New SEC rules would require ESG funds to back up their claims

Tech and renewable energy companies could start looking like more attractive investments as a result of the changes.

Wall Street.

The SEC aims to require asset managers to provide more clarity, both by demanding solid proof of a fund’s ESG bona fides and by targeting fund names that are potentially deceptive.

Photo: Roberto Júnior via Unsplash

New SEC rules could make ESG funds abide by some standards, which would be refreshing given that the label that doesn’t have a whole lot of actual meaning at the moment.

Environmental, social and governance (ESG) credentials in the U.S. are pretty much useless. The rating system for funds allows asset managers to essentially define the terms for themselves, which is why an oil and gas giant like Exxon Mobil can end up on the S&P 500 ESG list while an EV company like Tesla doesn't make the cut (because of its lack of a climate plan, among other issues). Elon Musk was pretty pissed, needless to say.

With two proposed rule changes this week, the SEC aims to require asset managers to provide more clarity, both by demanding solid proof of a fund’s ESG bona fides and by targeting fund names that are potentially deceptive.

“I think investors should be able to drill down to see what’s under the hood of these strategies,” SEC Chair Gary Gensler said in a statement.

If the rules are finalized in something close to their current form, as experts anticipate they will be, it will be much more likely that a fund that self-describes as “green” or “sustainable” or “ESG” will actually have to prove it.

Steven Rothstein, who leads the Ceres Accelerator for Sustainable Capital Markets, said certain large tech companies and others that walk the ESG walk are likely to remain included in ESG funds, even as asset managers start taking a longer, harder look at their portfolios.

“Companies that are leaders in this area, that have a proven track record, that disclose more information: They will have more opportunities from investors to be considered for their fund,” Rothstein said.
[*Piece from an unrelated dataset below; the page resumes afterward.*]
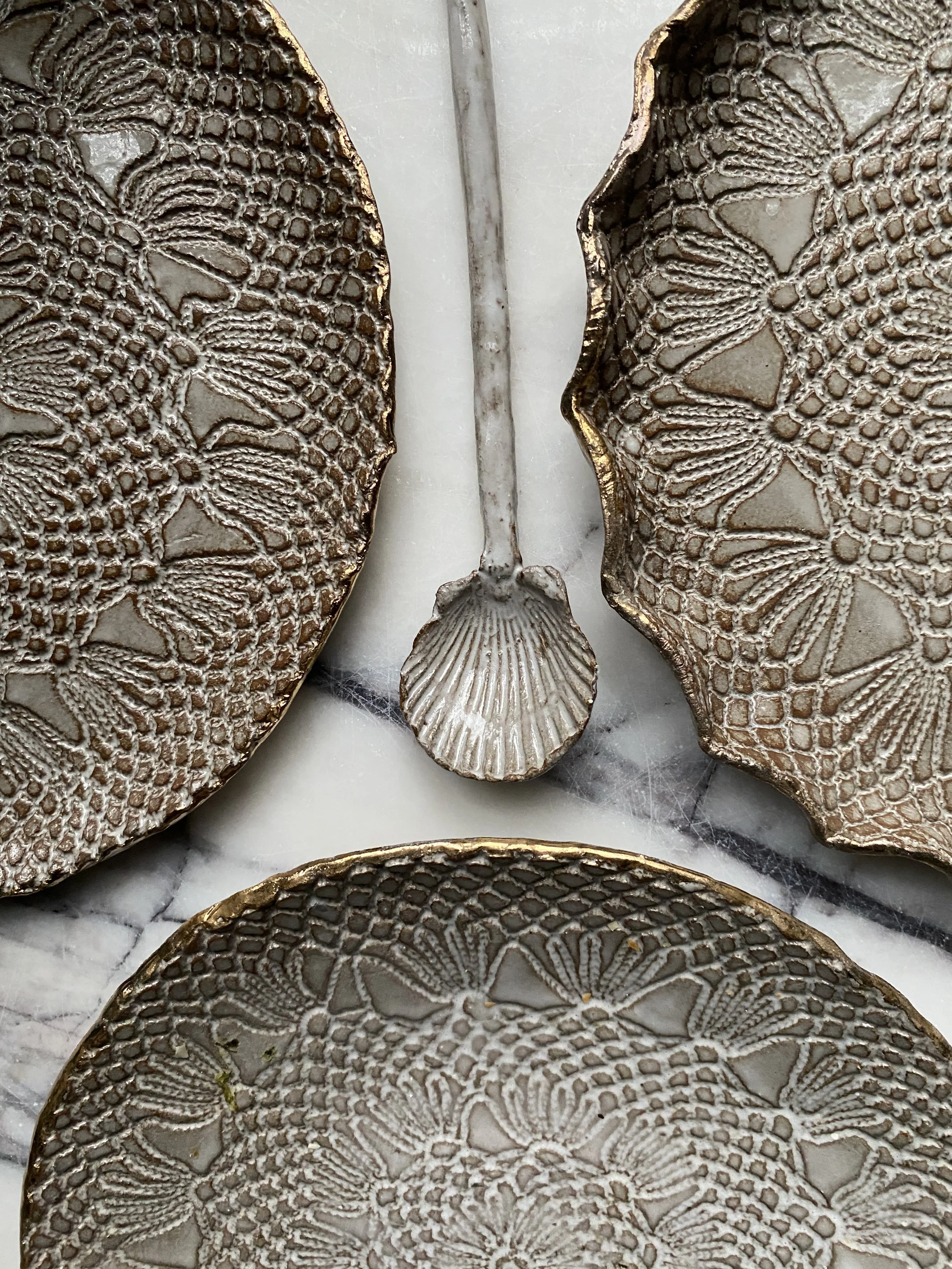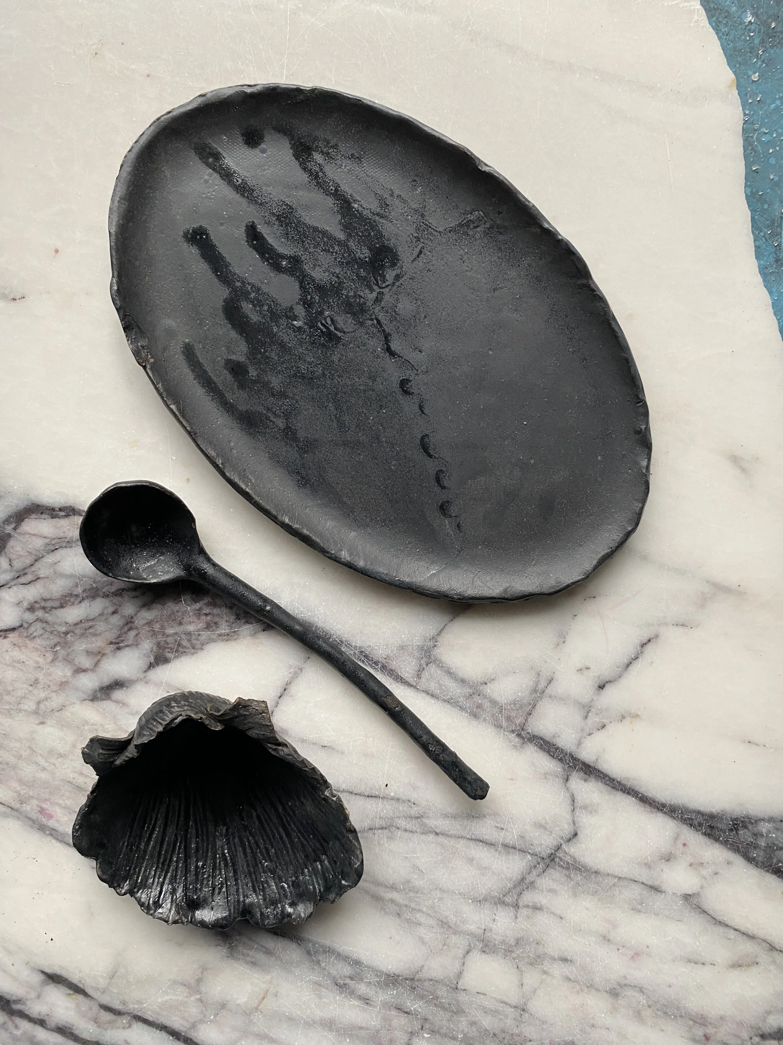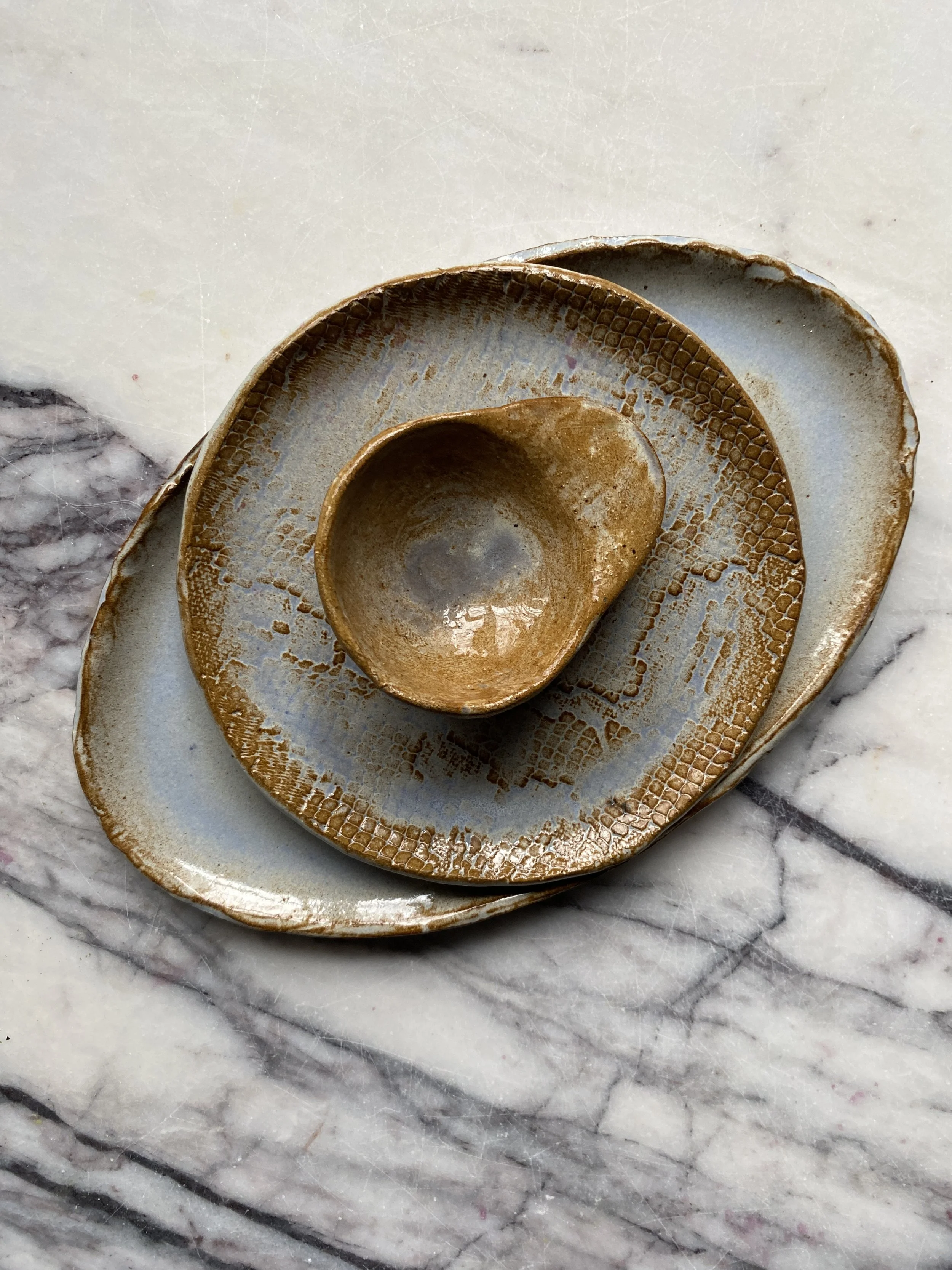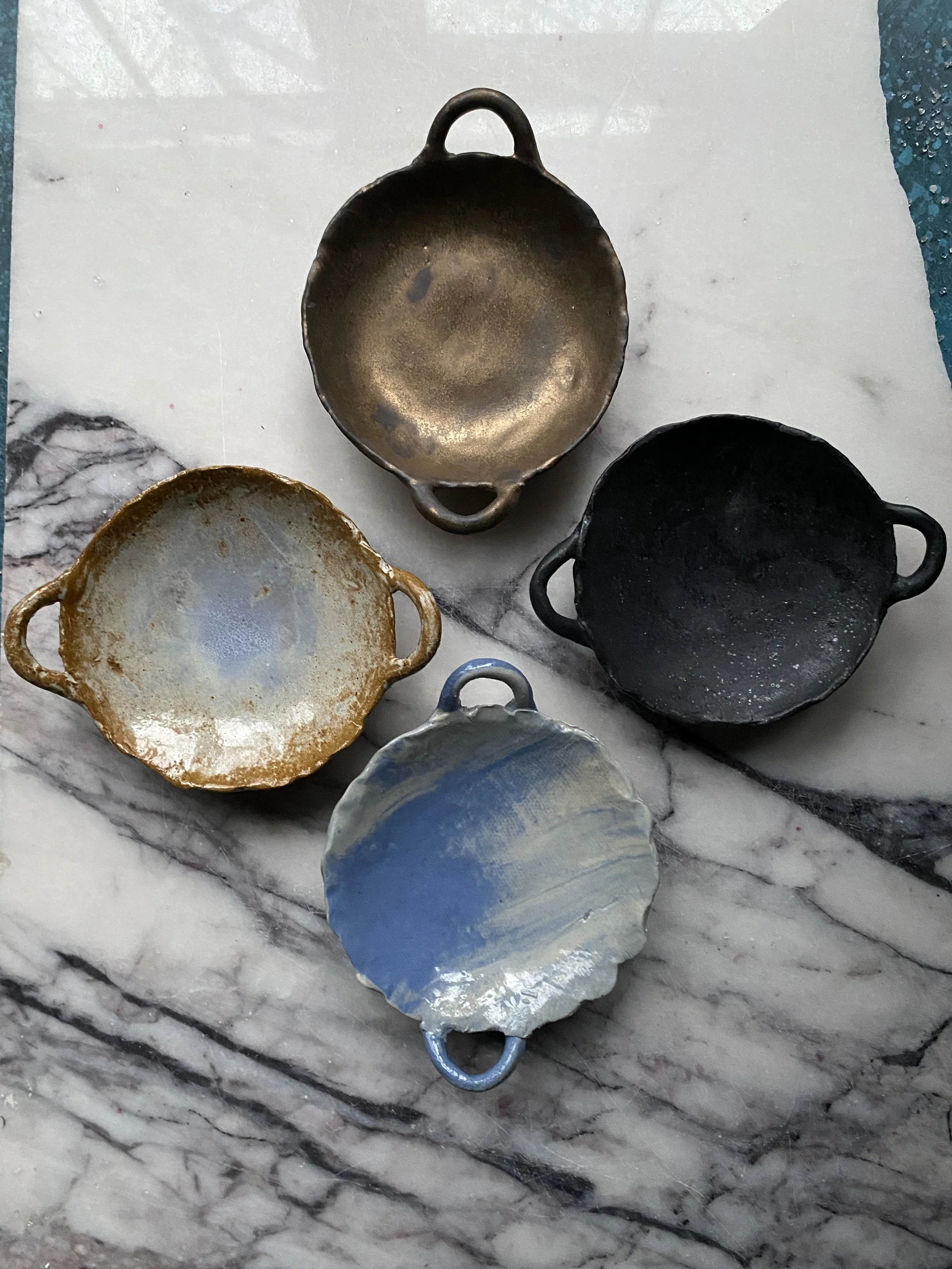 Named for the iconic Oracle of Delphi herself, Pythia theee high priestess of Anicent Greece who would deliver prophecies and was considered one of the most powerful women in the ancient world. I made these dishes in her honor and to bring her spirit of enigmatic power to our homes and meals. The surface texture also reminds me of the moon, which I’m never mad about.

While very few companies have flawless climate commitments, it is rare for a major tech company to have no plan at all. For this reason, Andrew Behar, CEO of shareholder advocacy group As You Sow, said that the SEC rules could be to the advantage of companies that have “coherent” climate plans and are more likely to fit the ESG bill. Smaller renewables companies could also benefit. If asset managers are required to choose between dropping an ESG label from their fund and dropping companies like Exxon, Behar said, Exxon will probably be on the chopping block.

“They're going to need to invest in something, so they’ll probably be investing in more renewable energy companies because they’re going to want to keep, whatever, 7-8% of their funds in energy,” he added.

The proposals come in light of widespread concerns about “greenwashing” in the ESG investment space. As sustainable investing gathers momentum — investments are set to hit roughly $50 trillion by 2025 — asset managers can slap the ESG label on funds that don’t necessarily have environmental, social and governance concerns at the center of their strategies. This is why fossil fuel corporations and other companies in similar industries sneak into ESG funds.

“I believe that we are heading toward some standardization of language, of glossary,” said Behar, noting that the European Union will also be putting out its own ESG definitions in the coming months.

And just two months ago, the SEC proposed rules to create a framework for how publicly traded companies report their emissions and climate pledges. The SEC’s latest move is a sign that it’s trying to impose some order on ESG investment and climate-related disclosures overall.

The new rules are open to public comment for 60 days, or until July 24.